[Work item]: Return, with both end lines included, exactly what the data below holds from the line with "織金縣城關鎮(zhèn)西湖" through the line with "20 meter assault", though not the pictures.

[Supplied information]:
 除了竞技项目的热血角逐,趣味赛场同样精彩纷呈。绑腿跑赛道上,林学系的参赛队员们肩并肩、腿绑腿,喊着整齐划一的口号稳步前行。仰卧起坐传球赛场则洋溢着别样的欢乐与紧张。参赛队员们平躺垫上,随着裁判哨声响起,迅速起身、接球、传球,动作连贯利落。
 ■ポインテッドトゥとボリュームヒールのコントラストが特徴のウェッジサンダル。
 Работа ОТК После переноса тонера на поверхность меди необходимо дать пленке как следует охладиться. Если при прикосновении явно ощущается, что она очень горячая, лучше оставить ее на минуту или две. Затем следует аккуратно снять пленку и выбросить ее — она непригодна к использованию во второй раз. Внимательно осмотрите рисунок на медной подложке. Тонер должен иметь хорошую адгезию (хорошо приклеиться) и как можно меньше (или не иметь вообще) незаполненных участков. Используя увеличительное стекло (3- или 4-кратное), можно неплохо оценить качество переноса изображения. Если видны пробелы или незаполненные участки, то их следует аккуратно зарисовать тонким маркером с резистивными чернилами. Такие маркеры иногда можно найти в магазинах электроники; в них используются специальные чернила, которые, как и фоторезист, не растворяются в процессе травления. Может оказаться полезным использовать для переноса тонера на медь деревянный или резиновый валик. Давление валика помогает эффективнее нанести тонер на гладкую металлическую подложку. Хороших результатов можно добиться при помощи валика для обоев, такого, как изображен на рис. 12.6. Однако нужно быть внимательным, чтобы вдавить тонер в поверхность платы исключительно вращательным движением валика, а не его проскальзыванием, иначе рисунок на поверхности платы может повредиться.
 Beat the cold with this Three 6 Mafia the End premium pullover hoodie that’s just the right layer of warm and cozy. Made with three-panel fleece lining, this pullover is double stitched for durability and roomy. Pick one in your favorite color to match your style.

---

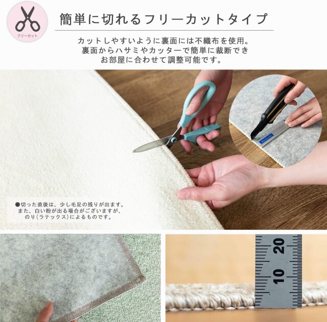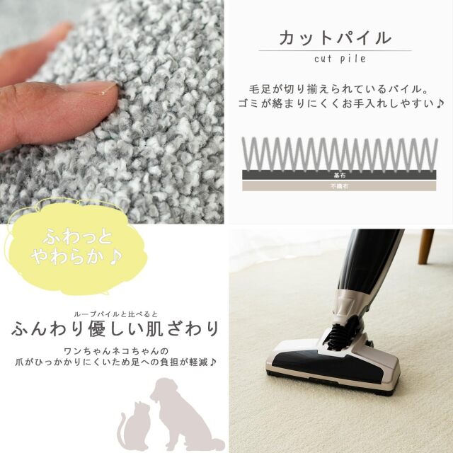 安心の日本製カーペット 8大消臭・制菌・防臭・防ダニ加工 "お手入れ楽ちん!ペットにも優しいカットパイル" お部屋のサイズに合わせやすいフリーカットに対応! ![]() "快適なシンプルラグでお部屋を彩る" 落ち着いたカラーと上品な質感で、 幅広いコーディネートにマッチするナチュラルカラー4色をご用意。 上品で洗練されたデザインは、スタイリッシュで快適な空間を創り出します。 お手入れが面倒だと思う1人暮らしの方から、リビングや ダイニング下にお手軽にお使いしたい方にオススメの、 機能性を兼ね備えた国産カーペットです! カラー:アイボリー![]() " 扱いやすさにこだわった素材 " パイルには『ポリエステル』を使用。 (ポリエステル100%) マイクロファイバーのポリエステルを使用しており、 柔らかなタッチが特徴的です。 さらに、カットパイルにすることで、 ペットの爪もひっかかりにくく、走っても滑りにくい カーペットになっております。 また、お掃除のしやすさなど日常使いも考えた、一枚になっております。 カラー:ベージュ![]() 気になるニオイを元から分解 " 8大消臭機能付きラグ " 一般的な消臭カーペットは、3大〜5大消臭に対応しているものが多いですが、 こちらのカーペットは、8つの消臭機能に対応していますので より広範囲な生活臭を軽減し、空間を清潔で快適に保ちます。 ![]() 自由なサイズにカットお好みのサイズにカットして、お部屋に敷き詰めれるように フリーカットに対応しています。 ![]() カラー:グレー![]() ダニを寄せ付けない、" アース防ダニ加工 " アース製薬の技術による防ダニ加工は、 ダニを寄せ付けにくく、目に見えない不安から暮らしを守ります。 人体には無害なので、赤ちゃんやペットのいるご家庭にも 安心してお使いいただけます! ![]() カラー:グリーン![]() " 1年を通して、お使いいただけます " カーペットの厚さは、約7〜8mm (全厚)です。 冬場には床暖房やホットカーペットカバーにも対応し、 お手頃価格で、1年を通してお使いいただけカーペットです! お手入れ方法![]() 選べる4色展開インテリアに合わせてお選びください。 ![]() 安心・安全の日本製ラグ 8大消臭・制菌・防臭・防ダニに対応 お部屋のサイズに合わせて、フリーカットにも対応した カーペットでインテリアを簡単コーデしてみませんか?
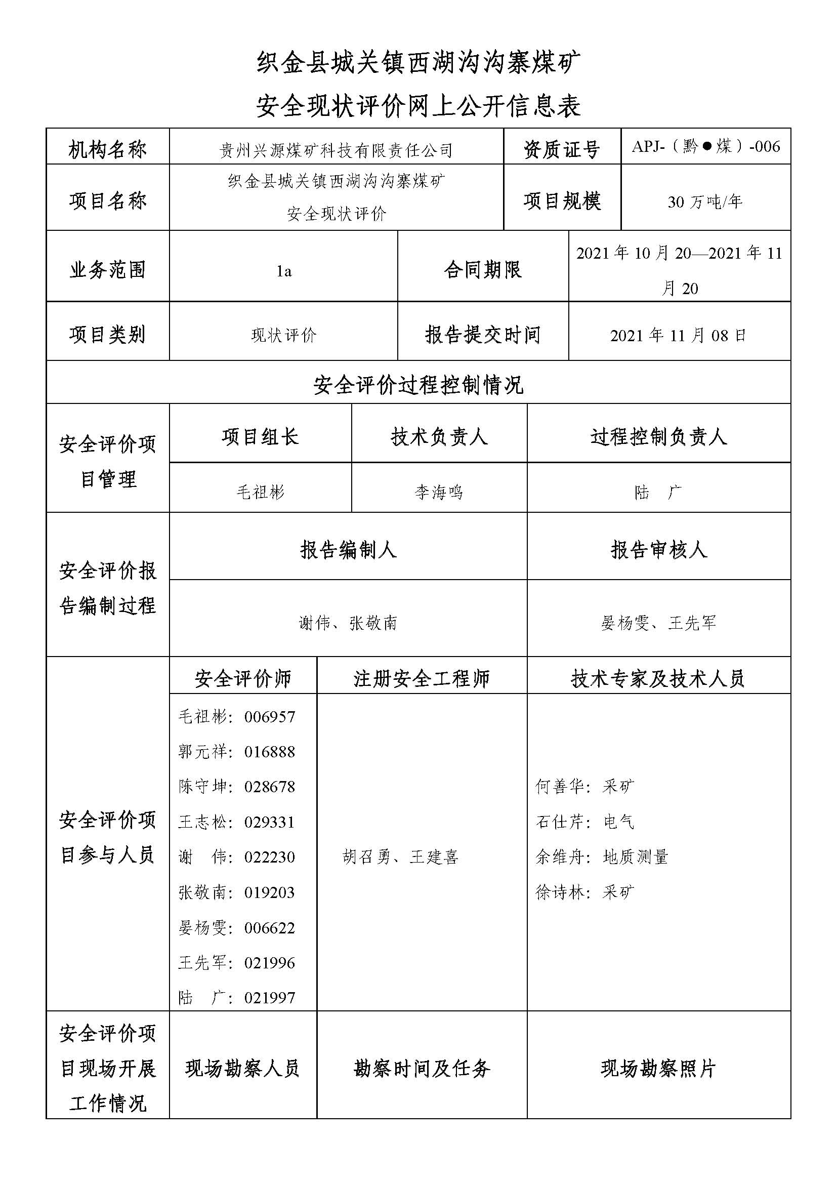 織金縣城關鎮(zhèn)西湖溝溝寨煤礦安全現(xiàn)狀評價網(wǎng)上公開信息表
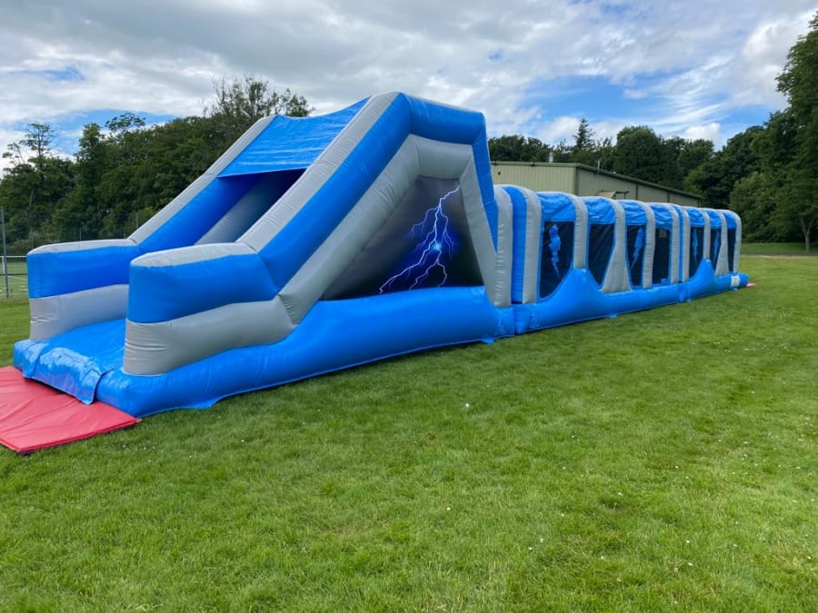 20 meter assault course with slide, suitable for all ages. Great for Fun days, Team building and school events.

...

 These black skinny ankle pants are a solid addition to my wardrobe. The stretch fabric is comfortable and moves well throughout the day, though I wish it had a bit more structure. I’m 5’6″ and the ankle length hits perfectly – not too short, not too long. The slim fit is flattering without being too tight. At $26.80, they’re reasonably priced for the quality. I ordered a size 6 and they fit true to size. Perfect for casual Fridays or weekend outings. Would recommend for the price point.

[Answer box]:
 織金縣城關鎮(zhèn)西湖溝溝寨煤礦安全現(xiàn)狀評價網(wǎng)上公開信息表
 20 meter assault course with slide, suitable for all ages. Great for Fun days, Team building and school events.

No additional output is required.